Deploying (external clients)

If you intend to run clients outside the swarm, you must provide two additional environment variables, PUBLISHED_ADDRESS and LISTENING_ADDRESS. PUBLISHED_ADDRESS must be an IP or hostname that resolves to one or more swarm nodes (or a load balancer that sits in front of them).
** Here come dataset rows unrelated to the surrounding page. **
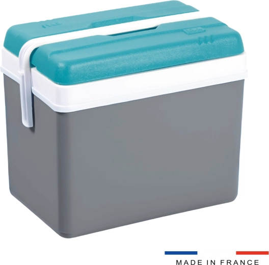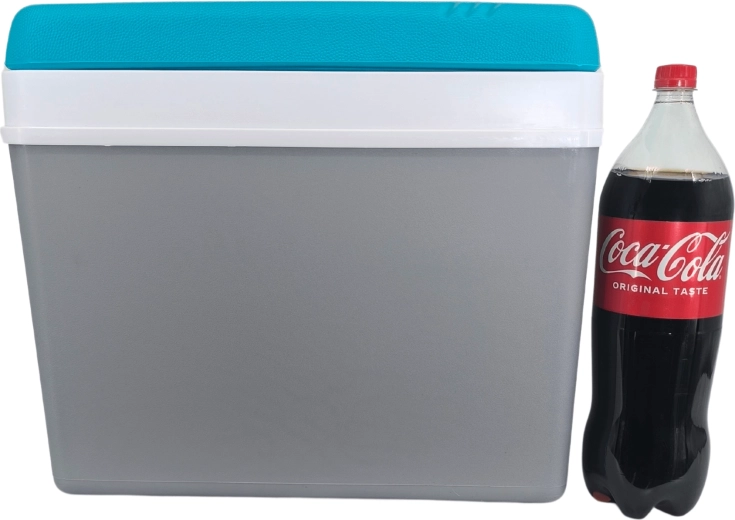 A minőségi polipropilénből készült konstrukció könnyű, strapabíró és könnyen lemosható. A masszív, lehajtható fogantyú biztos fogást nyújt hordozáskor, és egyben biztonságosan rögzíti a fedelet. A belső tér úgy lett kialakítva, hogy 2 literes PET-palackokat állítva is gond nélkül el lehessen helyezni, és maradjon hely szendvicseknek, gyümölcsnek és dobozos italoknak.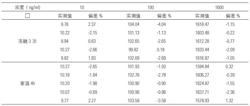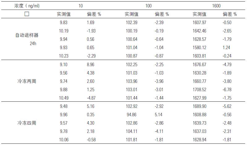 分別取不同量的替加環(huán)素加入到空白血漿中,配成0.2mL的濃度分別為10,100,1600ppb 的標(biāo)準(zhǔn)含藥血漿,按“血漿樣品處理”項下操作,對每種濃度各做25 份樣品,5份處理后在自動進樣器中放置24h;5 份在室溫放置4h 后按“血漿樣品處理”項下操作,進樣分析;5 份于配制好后-20℃冷凍后取出自然解凍,再冷凍再解融(反復(fù)凍融3 個循環(huán))后按“血漿樣品處理”項下進樣分析;5 份在-80℃冷凍兩周后按“血漿樣品處理”項下操作,進樣分析;5份在-80℃冷凍四周后按“血漿樣品處理”項下操作,進樣分析,結(jié)果見表7。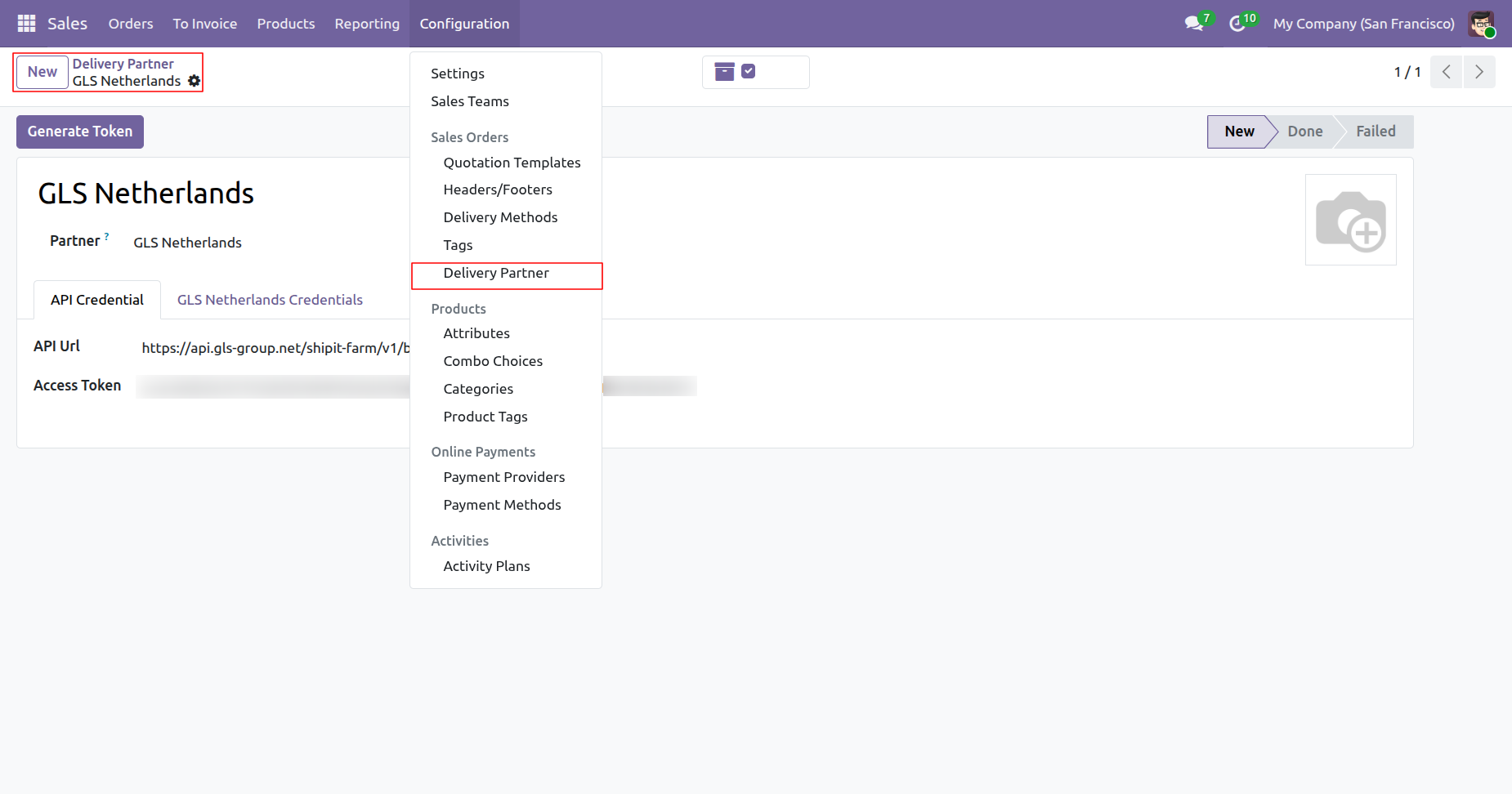 Go to the Sales ==> Delivery Partner.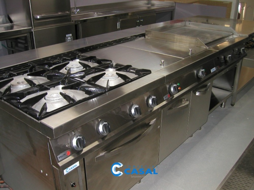 *Elementos cocción Gama 900 colocación central con mesas de apoyo.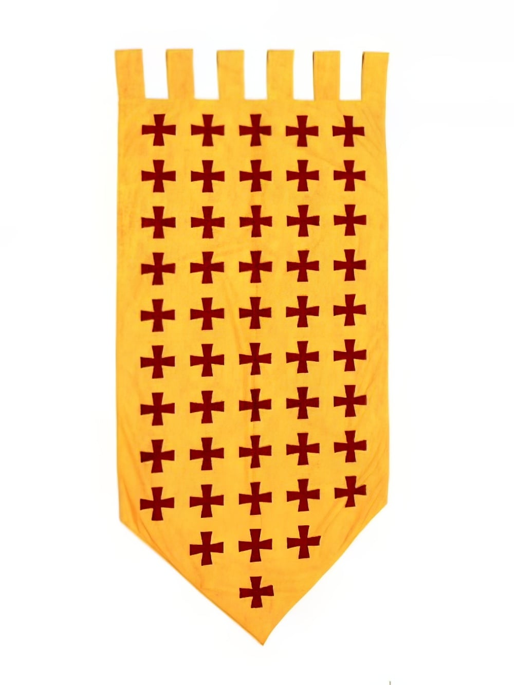 Freestanding Medieval Banner to hire. This is an attractive Medieval Banner, printed on ย double sided cloth and designed to be hung on the pictured banner stand, although you can hire it without the stand if you prefer to hang it via the tabs using your own system. This product code is for the banner stand at 3m high, but we can offer it at 2.4m high also (both pictured); simply let a member of the sales team know which you would prefer.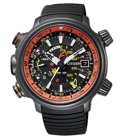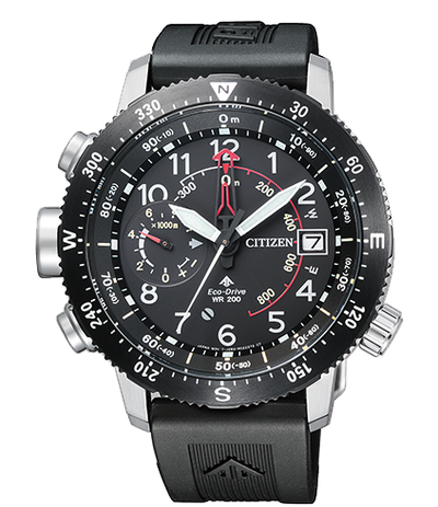 About this WatchThe Citizen Promaster Eco-Drive Altichron is includes an altimeter that measures -300 meters to 10,000 meters. An altimeter is an instrument for determining altitude attained. The watch also features an electronic compass, an anti-shock function, 20 bar water resistance, and luminescent hands and indexes.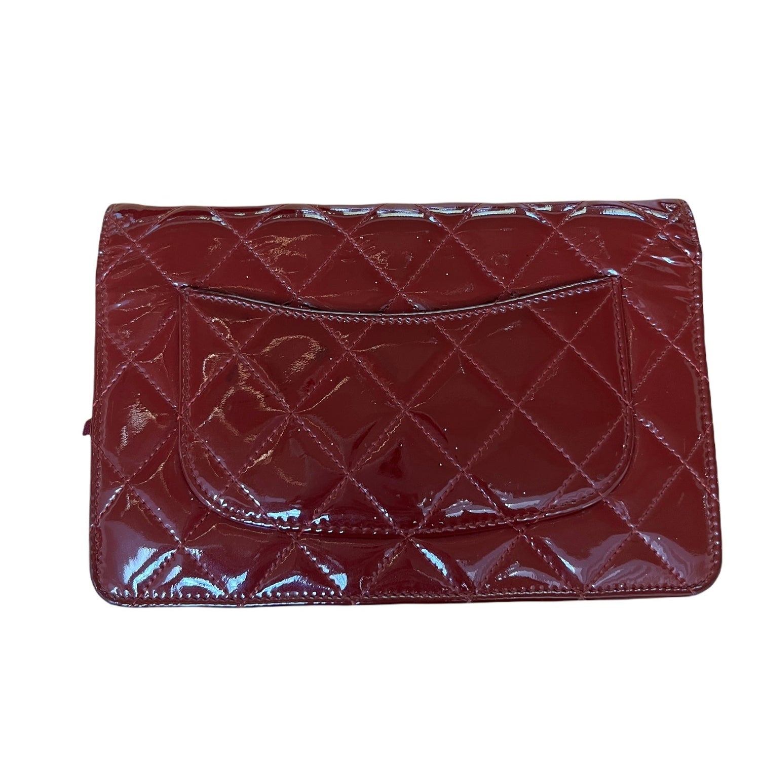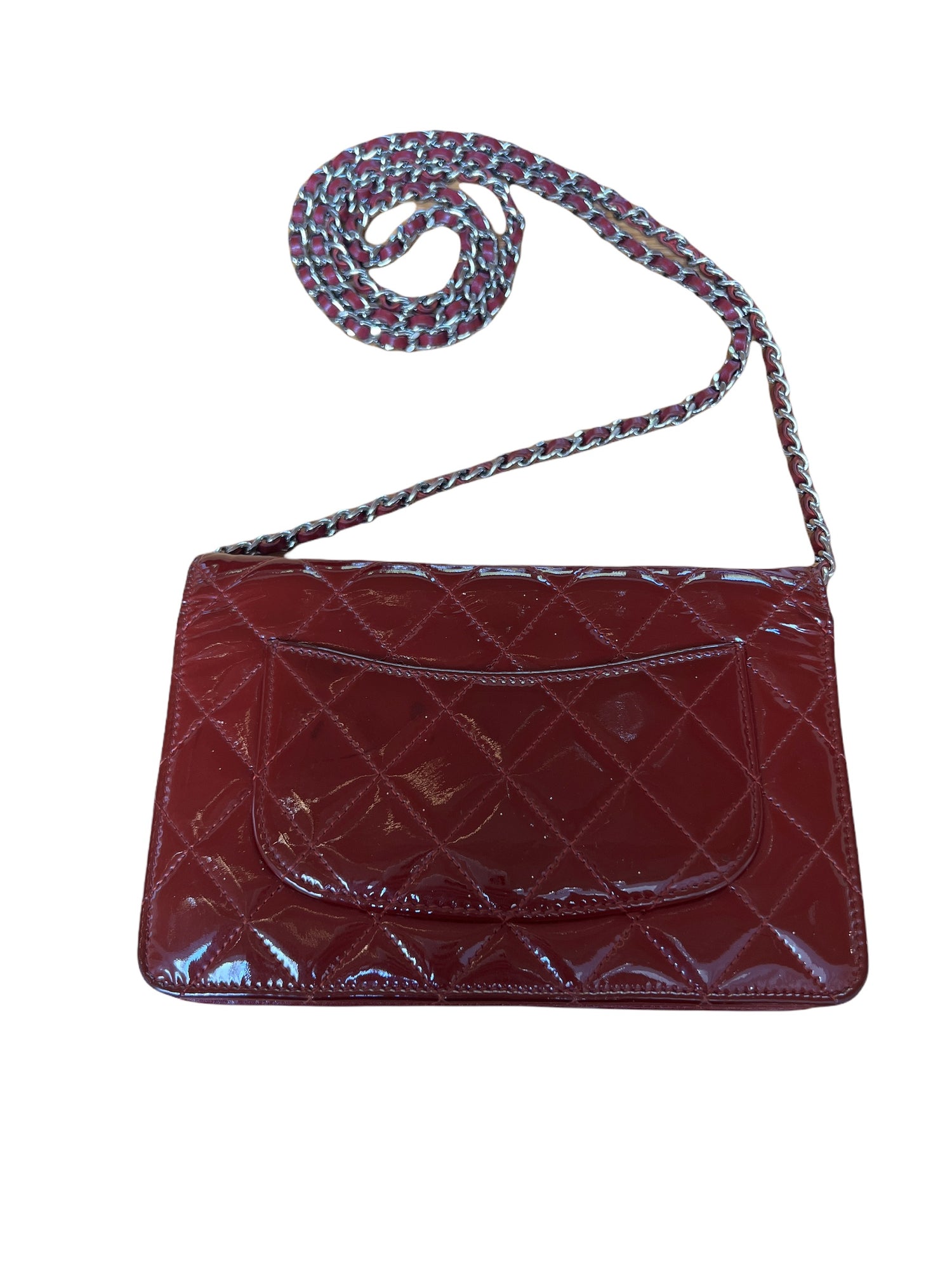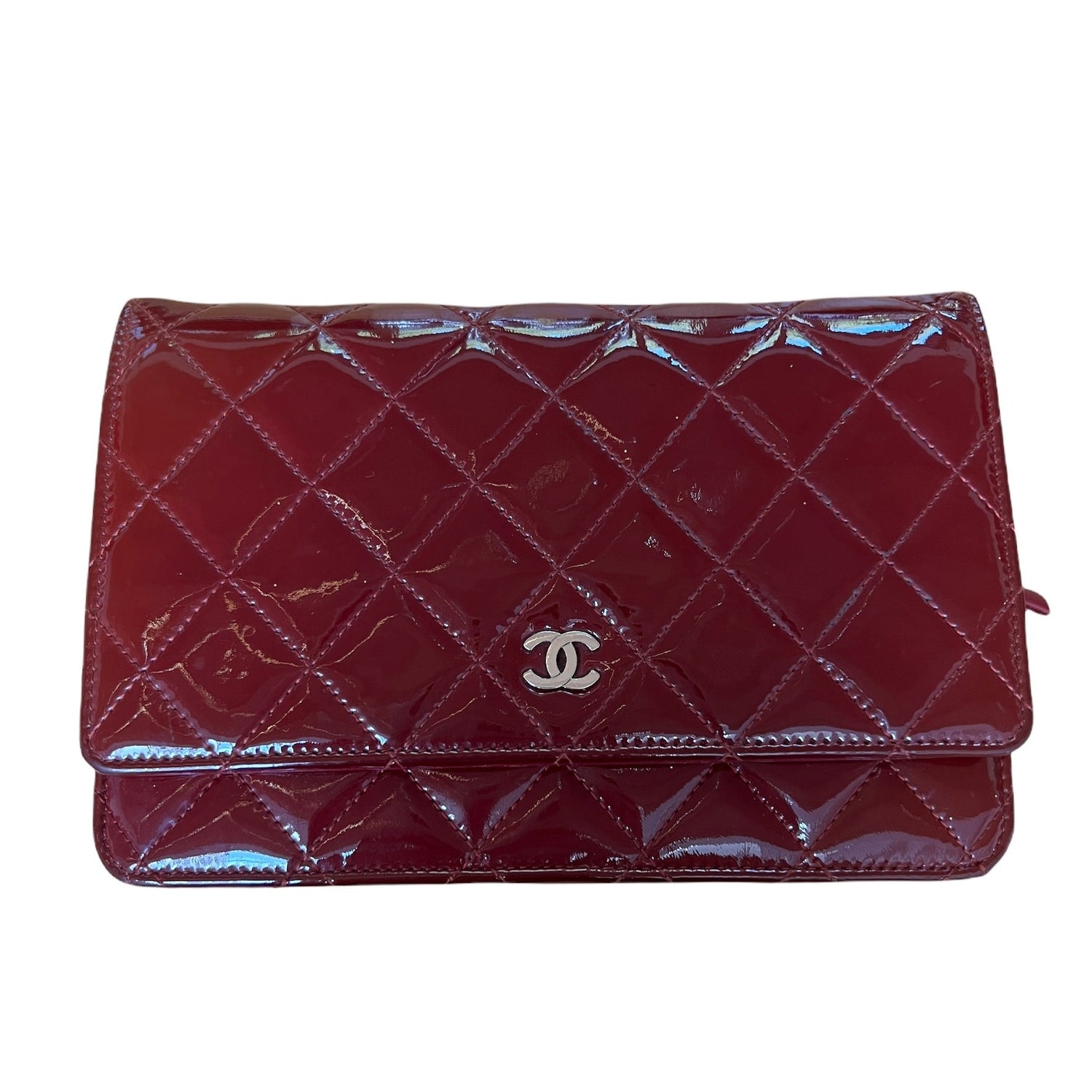 Chanel WOC from the Fall 2011 Collection by Karl Lagerfeld. Burgundy patent leather, Silver-tone hardware. Iconic chain-link shoulder strap. Canvas gros-grain lining. Four interior pockets. One zipper inside pocket. Six cards slots inside. Flap closure with snap button.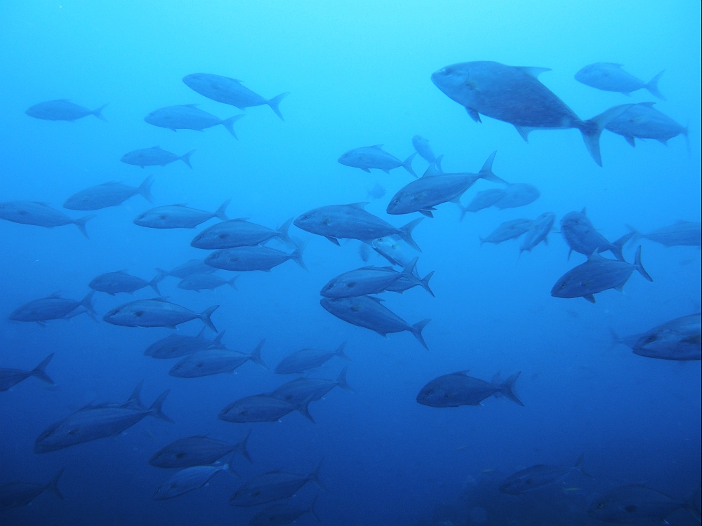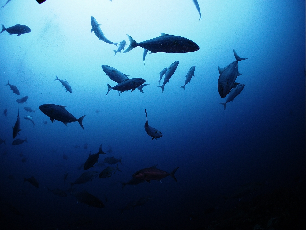 水温は21℃。透明度も決して悪くなく、潮に乗ってしばらくドリフトすると、やってきましたカンパチ集団!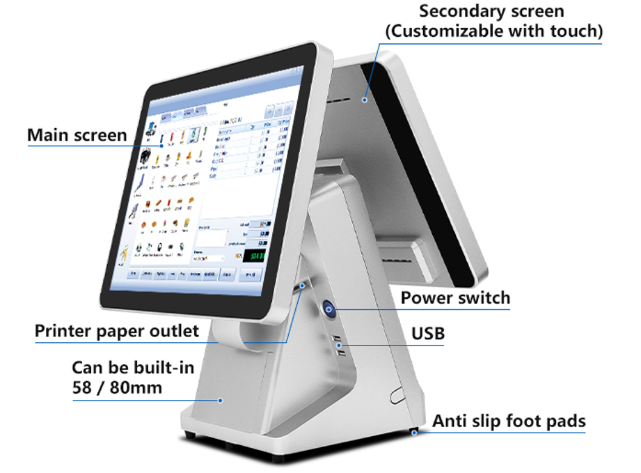 Tower POS, as her name is strength as tower. The stable triangle provides not a feeling of robust and duable but also ensures the high stable touch feeling for no matter front or 2nd touch. The built-in reliable therma printer makes the counter saving space and more in order, easy access design making paper change isn’t challenge anymore. Rich I/O port and attachment design, plus different screen size options in front and back, smart to fulfill either Windows or Android operating system requests.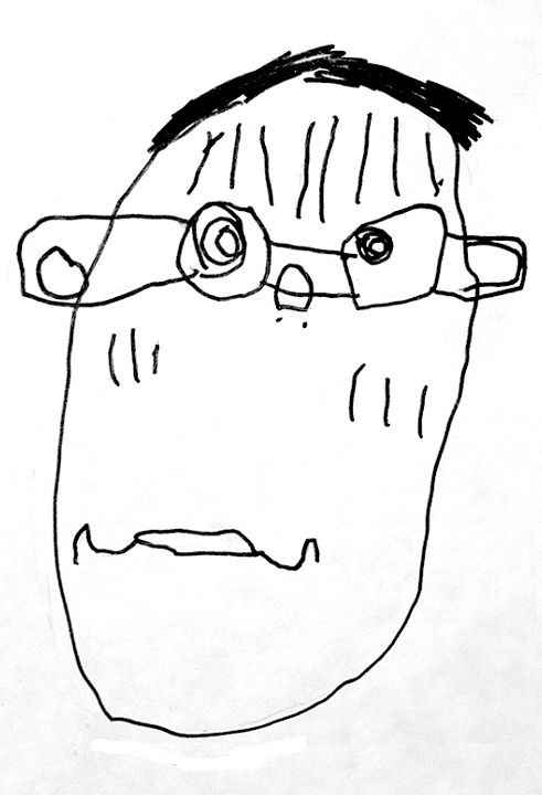 Io lo descriverei…che sorride, è bello! Ha le labbra rosse e un sorriso sublime…va bene questa parola? Ha le rughe che sono come ondine, è normale…è una specie di screpolatura della pelle della faccia. È un po’ ruvida solo sul mento, perché ha la barba e io la sento quando gli do i bacini e lui me li dà a me, a vicenda, perché ci vogliamo bene a vicenda! Nel mento ha due rughe che scendono a cupola, così, (indica la direzione col movimento della mano). Il suo mento sembra quasi il rotolo del ginocchi, solo un po’ più piccolo. Non è troppo vecchio, è ancora normale!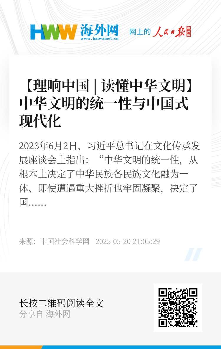 2023年6月2日,习近平总书记在文化传承发展座谈会上指出:“中华文明的统一性,从根本上决定了中华民族各民族文化融为一体、即使遭遇重大挫折也牢固凝聚,决定了国土不可分、国家不可乱、民族不可散、文明不可断的共同信念,决定了国家统一永远是中国核心利益的核心,决定了一个坚强统一的国家是各族人民的命运所系。”在中国传统文化中,“天下大同”价值理念根植于中华民族追求“统一”的传统文化,铸就了多民族国家的共同社会理想。统一性启示我们凝心聚力,在全面建设社会主义现代化国家新征程中作出新的更大的贡献。

LISTENING_ADDRESS should always be 0, or

PUBLISHED_ADDRESS= LISTENING_ADDRESS=0 ZK_URL=zookeeper:2181 HDFS_URL=hdfs:8020 docker stack up --compose-file pravega.yml pravega

As above, ZK_URL and HDFS_URL can be omitted if the services are at their default locations.

Your client should talk to Pravega at tcp://${PUBLISHED_ADDRESS}:9090.

Scaling BookKeeper

BookKeeper can be scaled up or down with:

docker service scale pravega_bookkeeper=N

As configured in this package, Pravega requires at least 3 BookKeeper nodes, so N must be >= 3.

Scaling Pravega Controller

Pravega Controller can be scaled up or down with:

docker service scale pravega_controller=N

Scaling Pravega Segment Store (swarm only clients)

If you app will run inside the swarm and you didn't run with PUBLISHED_ADDRESS, you can scale the Segment Store the usual way:

docker service scale pravega_segmentstore=N

Scaling Pravega Segment Store (external clients)

If you require access to Pravega from outside the swarm and have deployed with PUBLISHED_ADDRESS, each instance of the Segment Store must be deployed as a unique service. This is a cumbersome process, but we've provided a helper script to make it fairly painless:

./scale_segmentstore N

Tearing down

All services (including HDFS and ZooKeeper if you've deployed our package) can be destroyed with:

docker stack down pravega